Wednesday, June 8, 2011

The Devil Can't Hurt Me

There are some days when I just want to give up hope. I just want to quit, because no matter how hard I try, it seems like I'm not good enough. And it becomes difficult to remember why I still have hope at all.

So I ask God, and that alone helps. Knowing that whatever happens, God is always listening, always caring, always loving. It helps so much more than I would've ever guessed a single thing could.

One specific night, I remember crying so badly, and I just didn't know what was happening. There was only so much I could do. I whispered to myself "God has a plan for you, God loves you" over and over again. Then that devil creeped up on my again, and screamed to my brain "There is no plan for you, you aren't important at all". I told him he was wrong.
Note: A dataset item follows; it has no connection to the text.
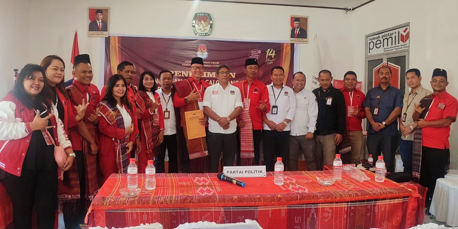 TAPANULI UTARA – PDI Perjuangan partai politik pertama di Kabupaten Tapanuli Utara mendaftarkan Bakal Calon Legislatif (Bacaleg) ke Komisi Pemilihan Umum (KPU), kelengkapan dokumen persyaratan pencalonan 35 Bacaleg dari Lima Daerah Pemilihan (Dapil) baik melalui Silon maupun secara manual yang diterima Komisioner KPU.
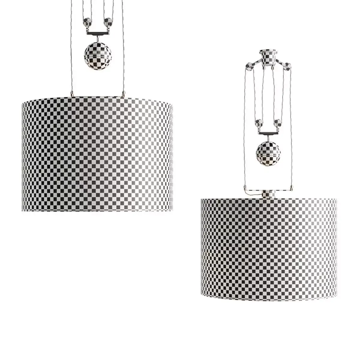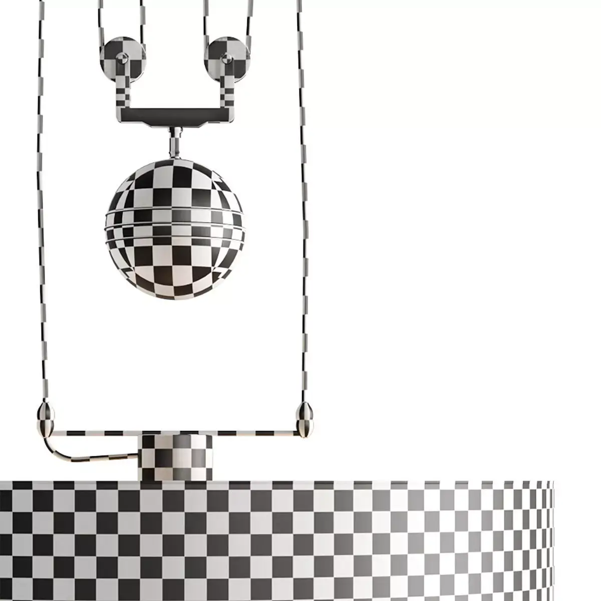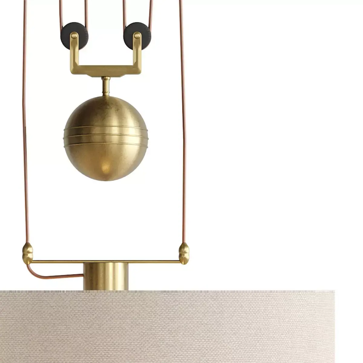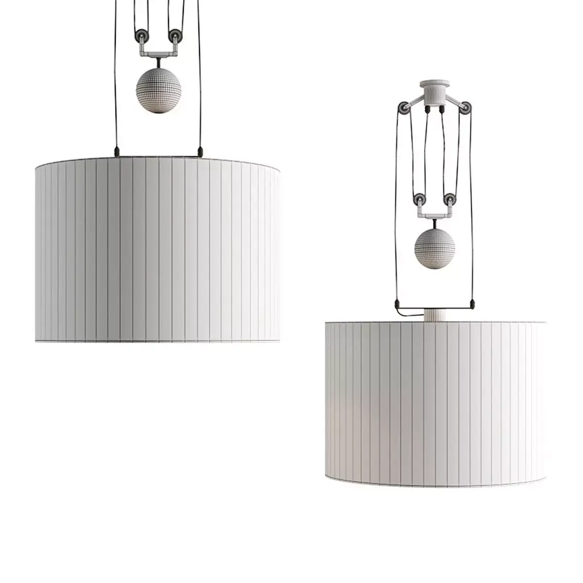 Professional 3D model of a classic rise and fall pulley pendant light. This elegant ceiling fixture features a functional counterweight system, perfect for luxury interior visualizations.

I'm here for a purpose, and I know it's true, even when it's hard to see, even when I am so lost and have no idea what step is next.

The song "Concrete Angel" then began to play on my Pandora account, and I saw why God wants me. God put me on this earth for a reason, He put us all on this earth for a reason. I have so many blessings, and I know that I could help people so much if I really tried. Maybe that's not God's entire plan for me, I don't know what He has in mind for my life, but I know that that's part of it. As long as there's still suffering in the world, I still have a purpose for being here.

The devil can't hurt me with the things that he says to me when I choose to listen to the one and only true God.